焼きたてのパンに挟まった、肉汁たっぷりの柔らかいお肉と野菜、特性ソースをサンドしたミノタウロスバーガー。

焼きたてのパンに挟まったブラック・バードの肉に衣を付けて旨味を閉じ込めた特性ソースを掛けて挟んだ、チキンフィレバーガー。

揚げたてで、湯気のでる塩気の効いたフライドポテト、オークやワイルドボアのミンチ肉を練り上げて作った美味しいウィンナーを挟んで特性ソースと野菜を挟んだホットドッグ。

またスペシャルメニューとしては、当店一推し、幻の魔物と言われるカモフラージュ・カウのジューシーな分厚いステーキ。

更に選ばれた一握りの方だけが、一生に一度食べられるか?と言われる、伝説のグルメ魔物・・・そう、サンド・ワームのステーキステーキ。

遙か遠くから運ばれ、吟味に吟味を重ね、スパイスをチョイスした、カレーライス。

ご一緒に、美味しいお飲み物もご用意がございます。冷たく冷やされた美味しいお水、口の中で旨味が弾ける、異国で大流行中のサイダーや、泡が絶品、キレとコクのある冷えたビール、お酒等。

その他にも、ランナー・バードの焼き鳥、オーク串等、食後には、美味しいダンジョン産のピーチ、マンゴー、バナナ、リンゴ、オレンジ、ブドウ等も取り揃えております。

どれを取ってもそうそうお目に掛かれない絶品の料理となっております。

さあ、数には限りがございます。

お時間のある方も、お時間の無い方も、是非お立ち寄り下さいませ!」(~繰り返し再生~)


と言う内容が聞こえて来た・・・。


「な! なんだと!!!! 『女神様の愛する異世界食堂』!!! ううう・・・確かに無理矢理・・・は拙いのう・・・。しかもそのメニューたるや・・・」

と苦虫を噛み潰したような顔の司令官。

後ろに続く10名の隊長も、お互いに顔を見合わせて、苦笑いしている。


すると、これまでの繰り返し流れていた音楽とアナウンスが止み、

「あーー、道を塞いでいる、盗賊共に告げる。こちらは『女神様の愛する異世界食堂』。敬愛する女神様を冒涜し、聖騎士を騙る不敬な奴らよ。本物の誇り高き聖騎士の方々が、女神様の名を騙り、盗賊紛いの行為をする訳が無い。

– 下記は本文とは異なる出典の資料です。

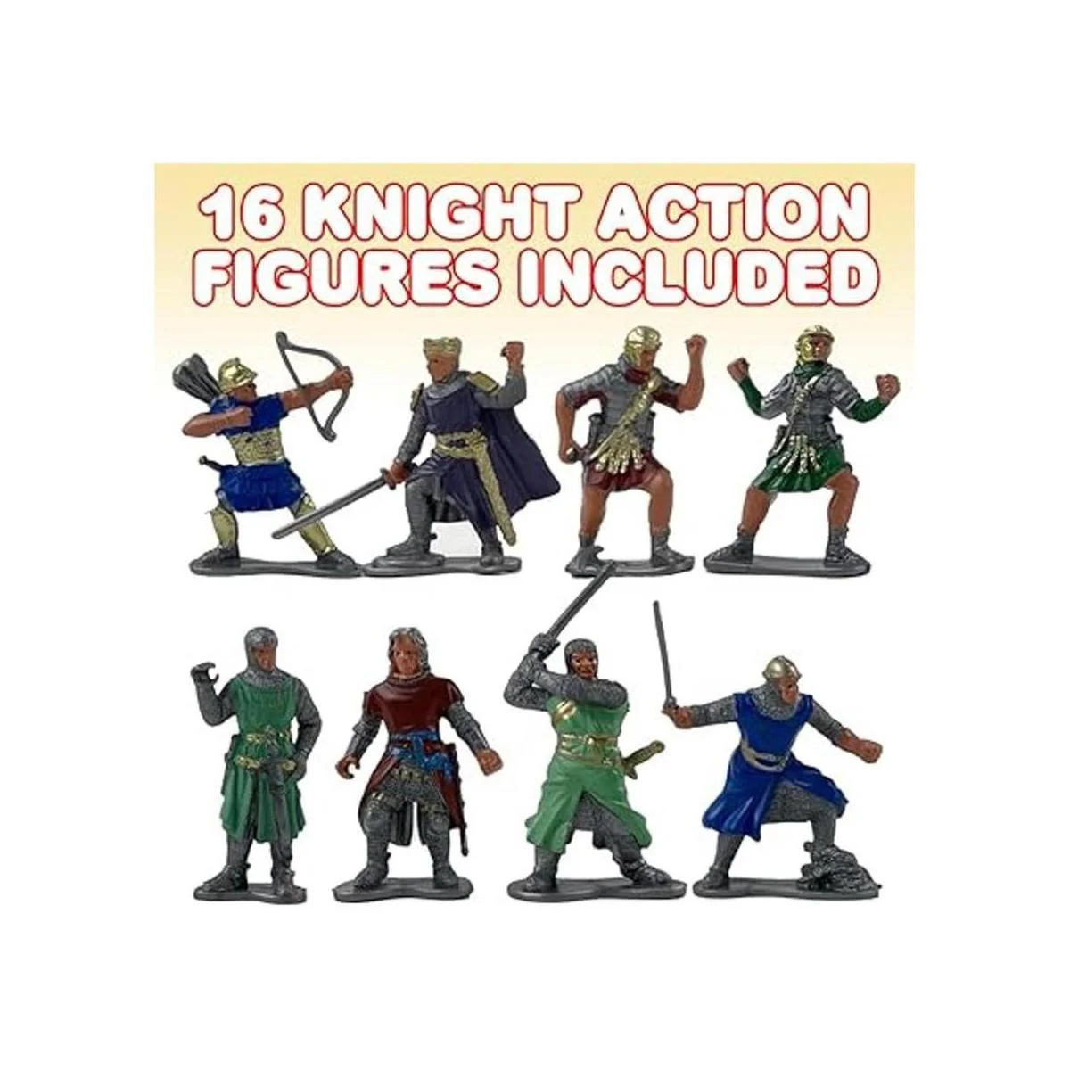 Diseñado para durar: hemos dado vida a nuestras figuras de caballero utilizando plástico de alta calidad para soportar toda la diversión. Los juguetes de caballero miden 2.5 pulgadas de alto, el tamaño perfecto para las manos pequeñas de tu hijo. Lo más genial de nuestros juguetes es que pueden mantenerse de pie por sí solos.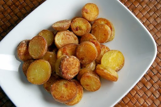 - 2 1/2 pounds Yukon Gold potatoes, rinsed and cut into 1/2 inch slides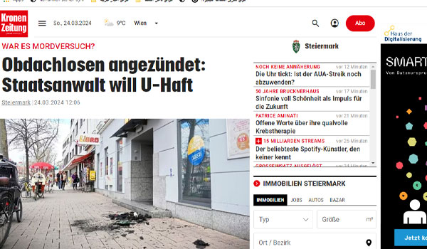 ألقت الشرطة القبض على رجل، يبلغ من العمر 65 عامًا، من الاتحاد الروسي، للاشتباه في إضرامه النار في رجل بلا مأوى، يبلغ من العمر 52 عامًا، ليلة الجمعة، في مدينة غراتس بولاية شتايرمارك.

自主的に武装を解除してお縄に着くか、又は包囲を解除し、速やかに立ち去る様に。我々は、女神様のご加護を頂いている冒険者でもある。これらの食材がどうやって入手出来たか、身をもって感じさせてやろうか?」

と更に物騒な流れになっている。


これは!! 拙い!!拙いぞ!! あれだけの食材の料理・・・実にあり得る話だ。女神様の加護・・・どれも拙いぞ! ヤバい!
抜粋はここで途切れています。